Le gouvernement allemand entend accorder à ses agences de renseignement des pouvoirs étendus afin de contrer la montée des menaces hybrides, une décision sensible dans un pays où les opérations de renseignement restent strictement encadrées par des limites instaurées après la guerre pour éviter toute répétition des abus nazis.

De nombreuses attaques visant l'Allemagne ces dernières années n'ont pu être déjouées que grâce aux informations partagées par des alliés dont les agences disposent de pouvoirs plus larges, a reconnu cette semaine Thorsten Frei, directeur de la chancellerie allemande.

Frei, membre des conservateurs au pouvoir, plaide pour un « changement de paradigme » qui permettrait au service de renseignement extérieur, le BND, d'utiliser des outils de surveillance plus intrusifs, notamment l'accès aux téléphones portables privés et la possibilité de conserver des données jusqu'à un an.

« L'objectif est d'être à égalité avec nos partenaires européens en matière de collecte de renseignements », a-t-il déclaré au journal Tagesspiegel.

« Les services de renseignement coopèrent à l'échelle mondiale, et la seule monnaie qui compte, c'est l'information. »

Longtemps hanté par les questions liées à la continuité avec l'époque nazie, le BND cherche à se définir par opposition aux deux pires héritages du renseignement allemand : la répression nazie et l'État de surveillance de la Stasi.

Cette histoire doit désormais être mise en balance avec l'intensification des menaces auxquelles l'Allemagne est confrontée, estime Frei.

« A une époque de plus en plus menaçante, nous ne pouvons pas nous limiter à la collecte de renseignements », a-t-il souligné. « Pour protéger notre pays, nous devons aussi permettre à nos services de mener certaines opérations. »

DES POUVOIRS ACCRUS

Au-delà de la collecte et de l'analyse des données, le BND devrait également être autorisé à perturber les liaisons radio lors d'attaques de drones et à désactiver les portefeuilles de cryptomonnaies utilisés pour financer des meurtres ou des actes de sabotage, a-t-il précisé.

Frei souhaite que la législation réformant l'agence soit adoptée cette année, bien qu'elle risque de se heurter à l'opposition des autres partis. Aucun projet de loi n'a encore été soumis au Bundestag.

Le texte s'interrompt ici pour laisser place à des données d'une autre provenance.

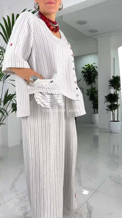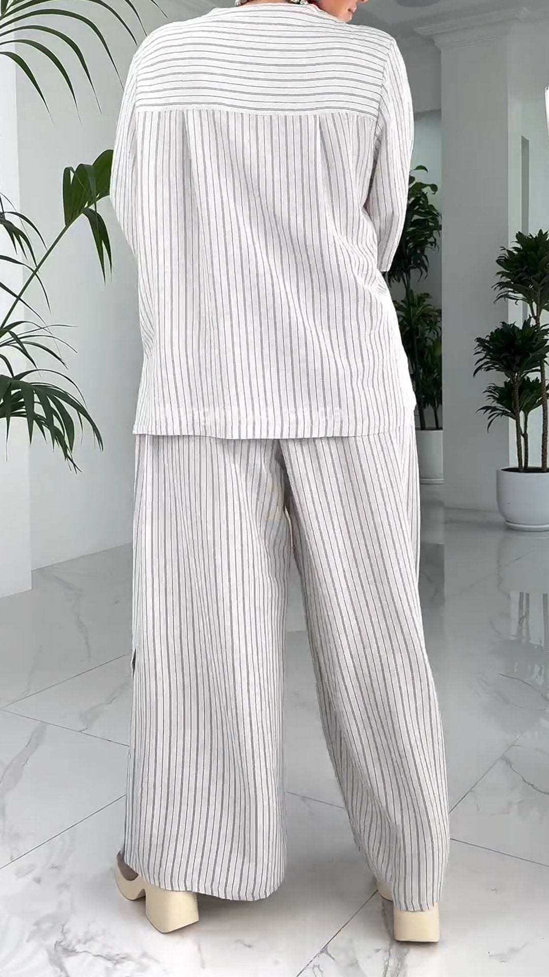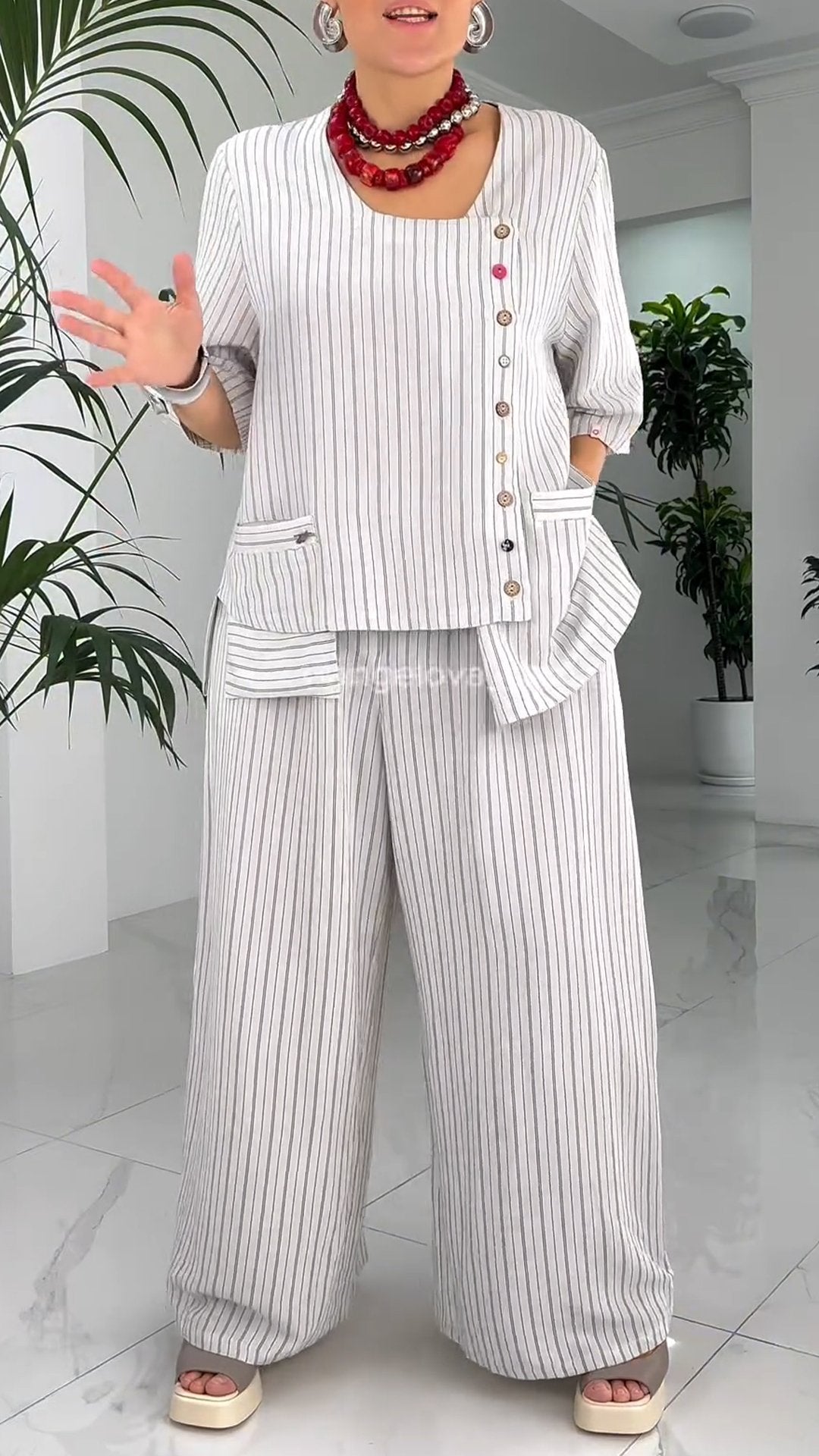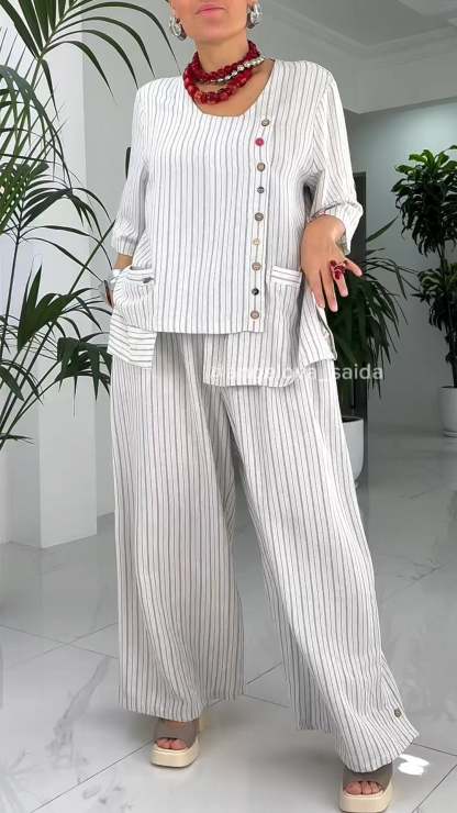Women's Round Neck Mid-length Sleeve Striped Casual Suit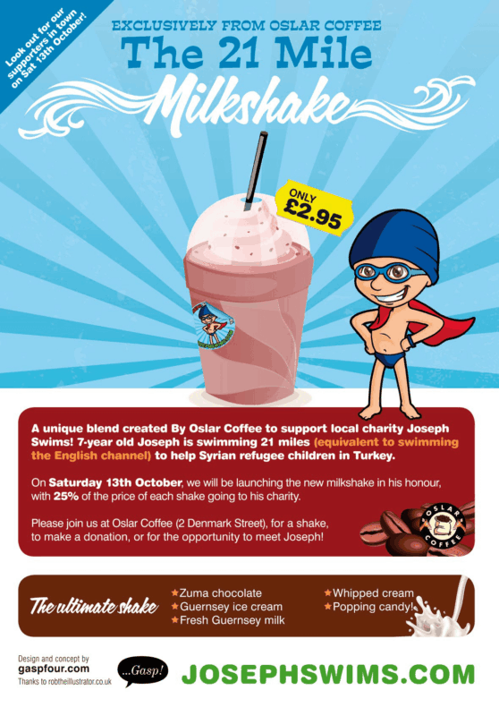 After meeting at Gasp HQ, we were inspired by Joseph’s favourite drink and so created the ultimate ’21 Mile’ chocolate milkshake in his honour. We knew the perfect partner to help us; the independent Wokingham cafe Oslar. They are renowned for continuously doing charity work in the community, and were delighted to help create the shake and donate the sale proceeds to Joseph’s fundraising effort.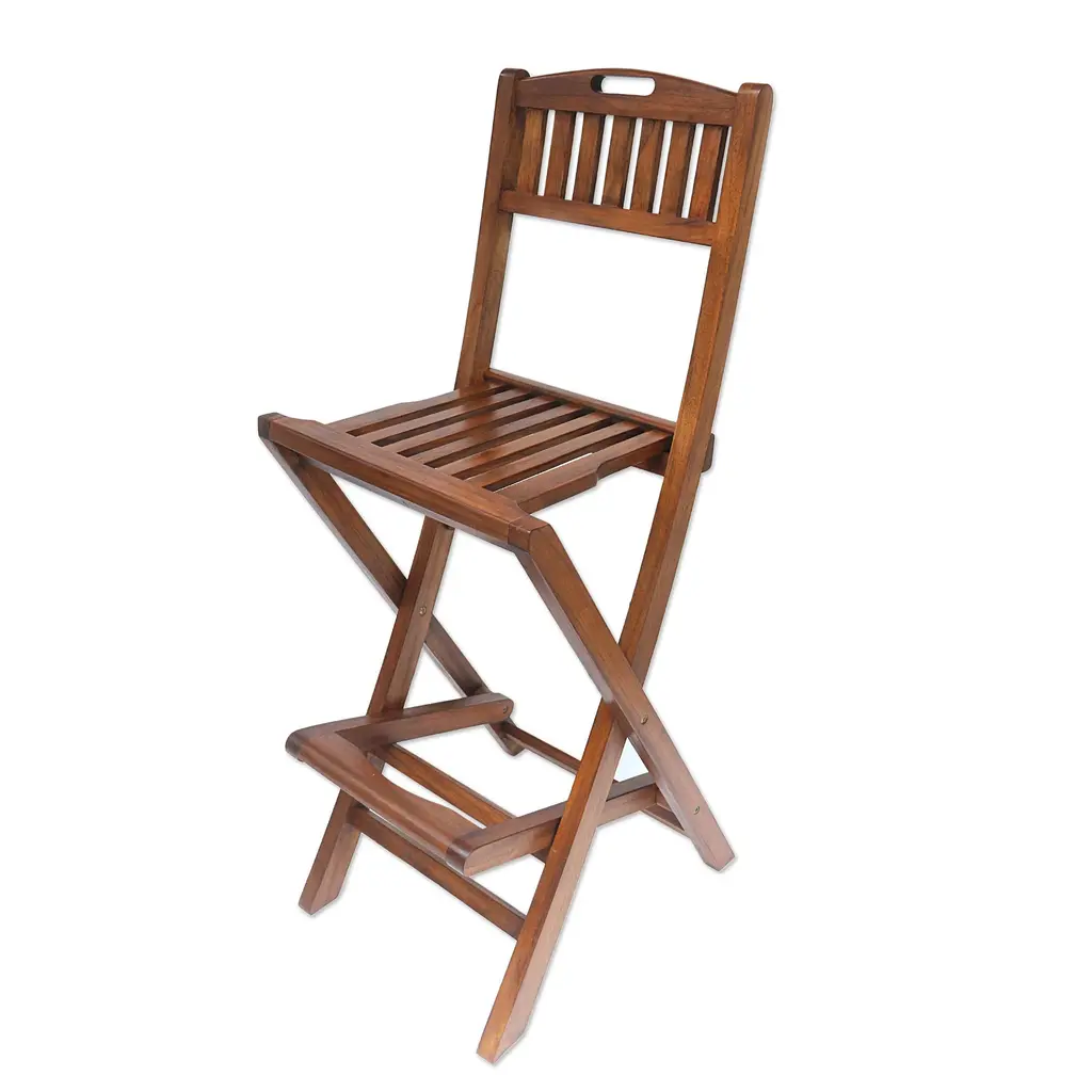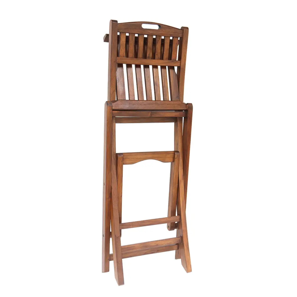 Handcrafted Teak Wood Folding Bar Stool Made In Bali- Parallel Slats
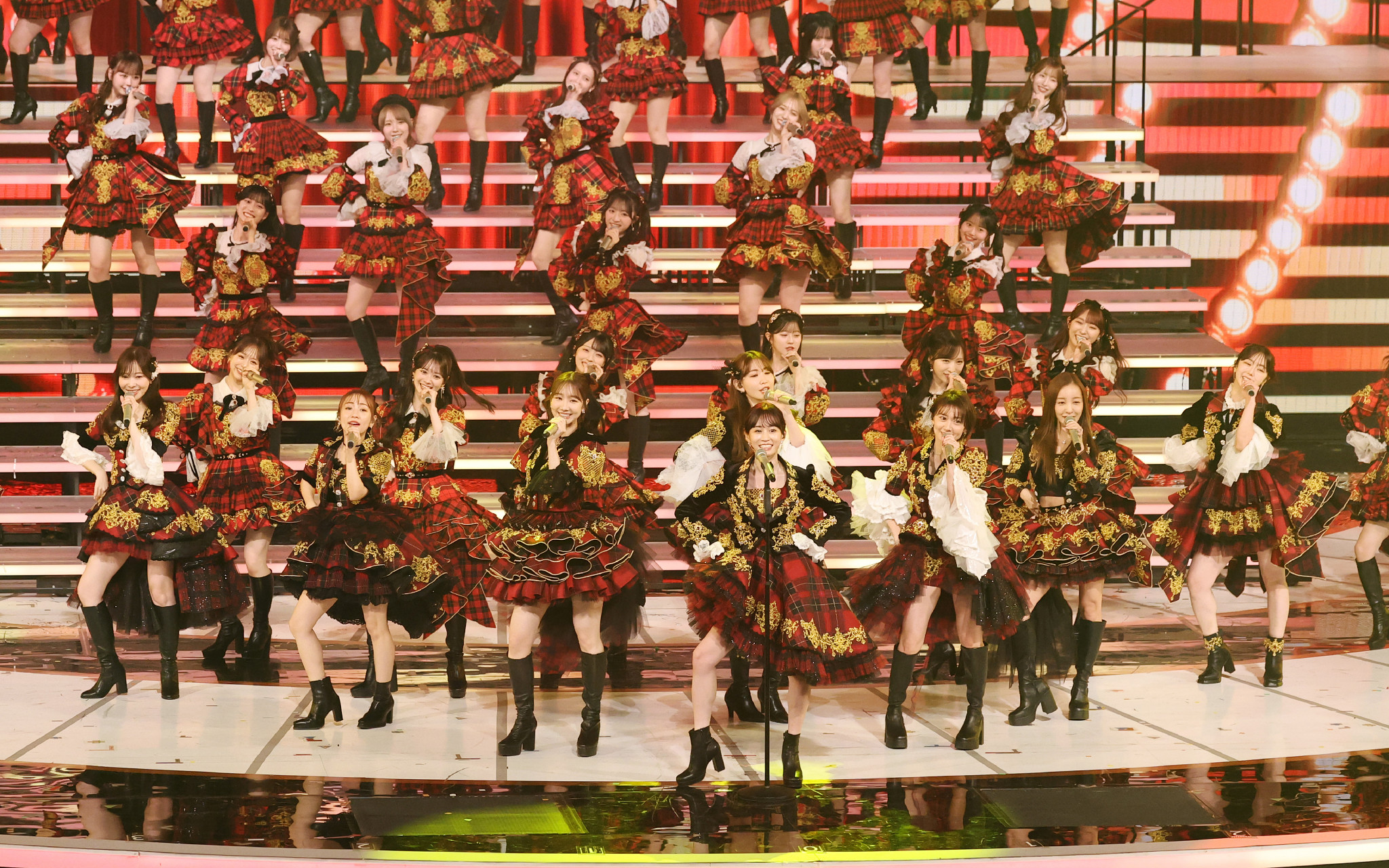 第76回NHK紅白歌合戦で元メンバーも加わって歌唱するAKB48=12月31日、東京・渋谷のNHKホール
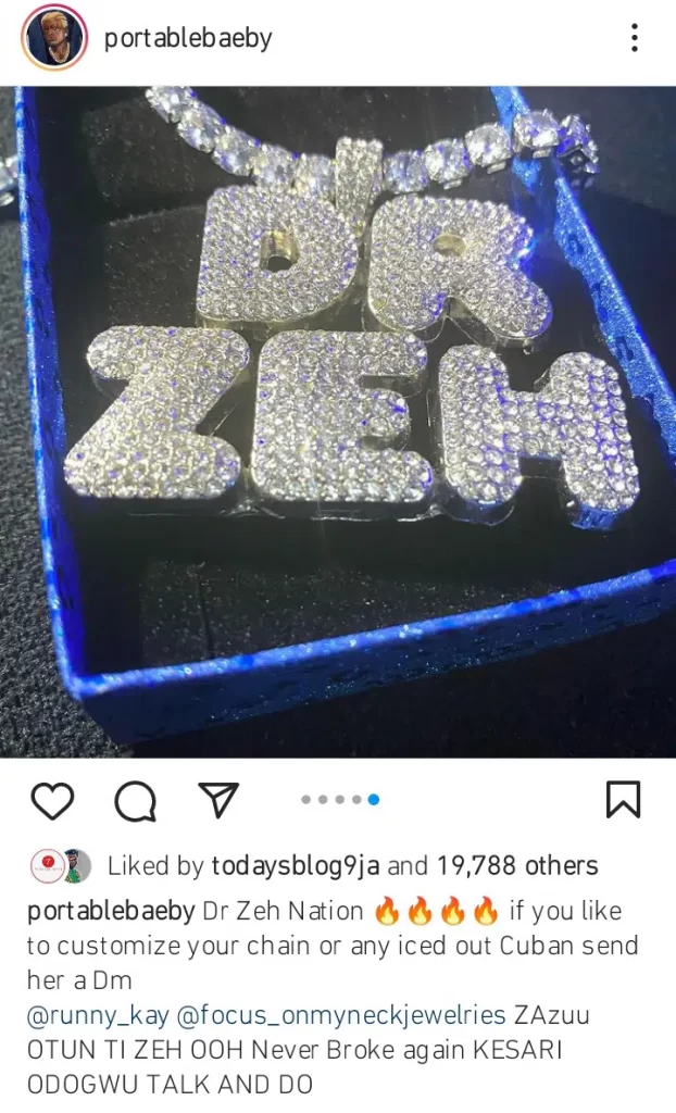 Fast-rising Nigerian singer, Habeeb Okikiola popularly known as Portable has splashed millions on a customized chain weeks after bagging huge endorsement deal.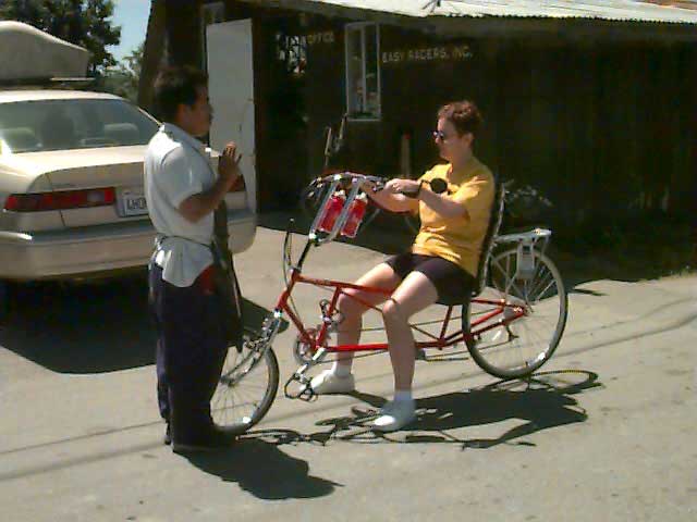 Saturday, June 27, 1998 Kathy gets final instructions in the fitting and maintaining her new recumbent from Manuel, the Easy Racers mechanic. |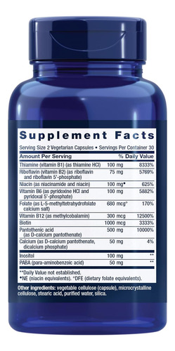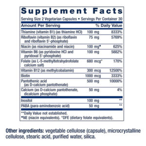 Perfil completo de vitaminas B: A fórmula inclui todas as oito vitaminas B essenciais: tiamina (B1), riboflavina (B2), niacina (B3), ácido pantotênico (B5), piridoxina (B6), biotina (B7), folato (B9) e cobalamina (B12).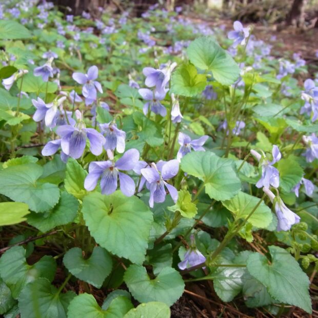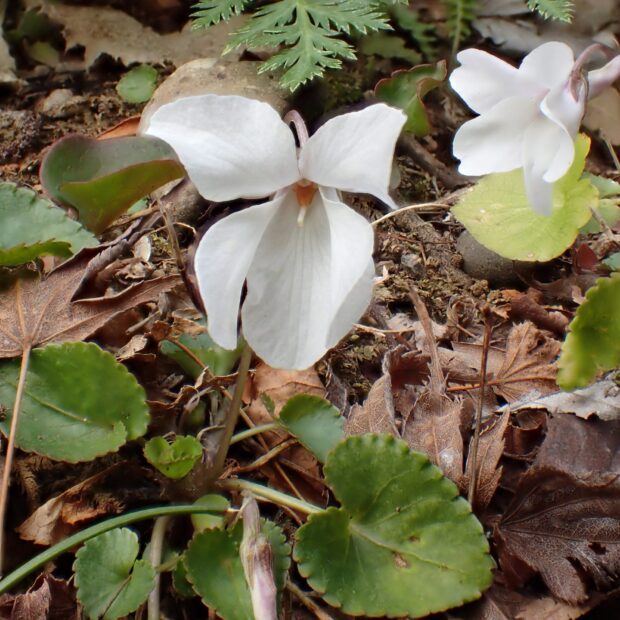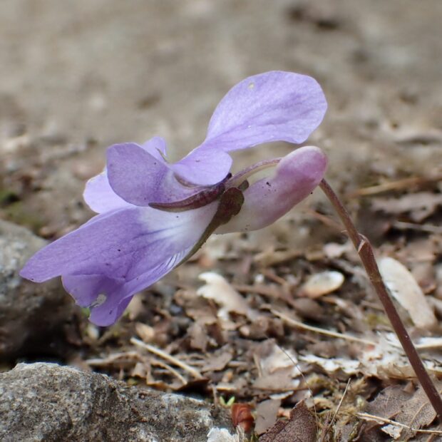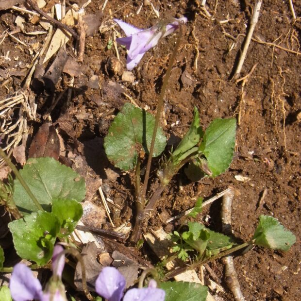 身近で最もよくみられるうす紫のスミレで、 数あるスミレ類のうち日本を代表するスミレと言えます。 スミレ類は地上に茎があるタイプと茎がなくて葉も花も地面から出るタイプに分かれます。 茎から出る葉の基部には托葉(たくよう)という1対の小さな葉がついていて、 その形にも注目です。 (HT)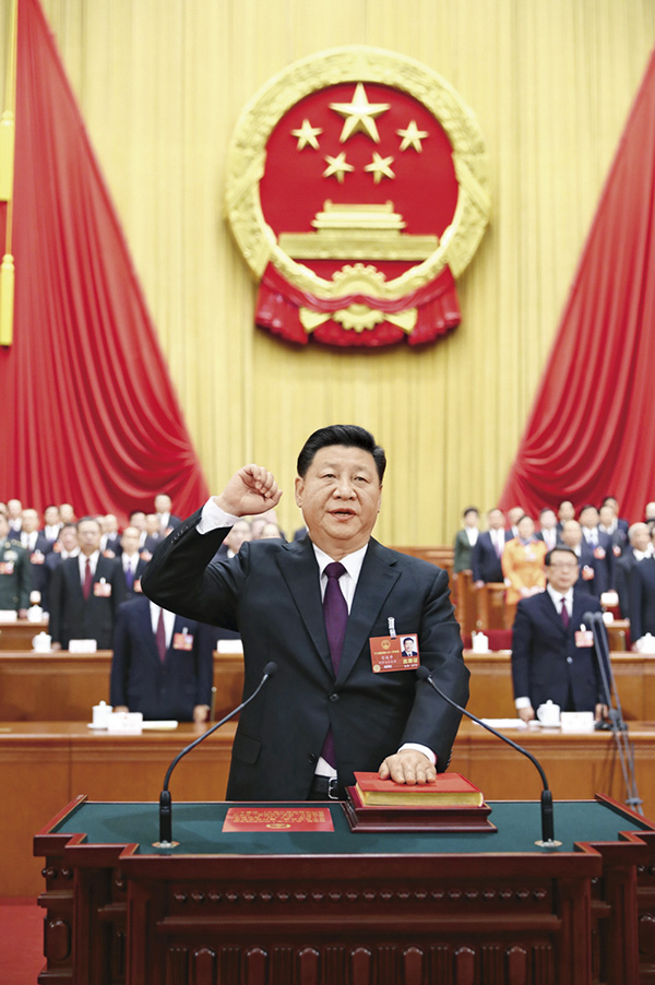 2018年3月17日,十三届全国人大一次会议在北京人民大会堂举行第五次全体会议。习近平当选中华人民共和国主席、中华人民共和国中央军事委员会主席。这是习近平进行宪法宣誓。 新华社记者 鞠鹏/摄

Il souhaite également que la surveillance du BND soit concentrée au sein de la commission parlementaire de contrôle du renseignement, plutôt que d'imposer à l'agence de rendre également des comptes à la commission dite G10, qui surveille les mesures de surveillance portant atteinte à la vie privée des communications.

Les propositions ont suscité des critiques de l'opposition.

« Quiconque souhaite à la fois prolonger la durée de conservation des données et réduire le nombre d'organes de contrôle agit de manière irresponsable et fait preuve d'aveuglement démocratique », a déclaré la députée de la gauche Clara Buenger, citée par Tagesspiegel.

Elle a averti que ces projets représentaient « un bond massif des pouvoirs et des risques d'escalade ».

Parallèlement, le ministre de l'Intérieur Alexander Dobrindt pousse pour des améliorations similaires au profit de l'agence de renseignement intérieur, le BfV, afin de lui permettre davantage de méthodes de surveillance et de capacités opérationnelles.

Les deux agences ont vu leur budget augmenter de plus de 25 % cette année.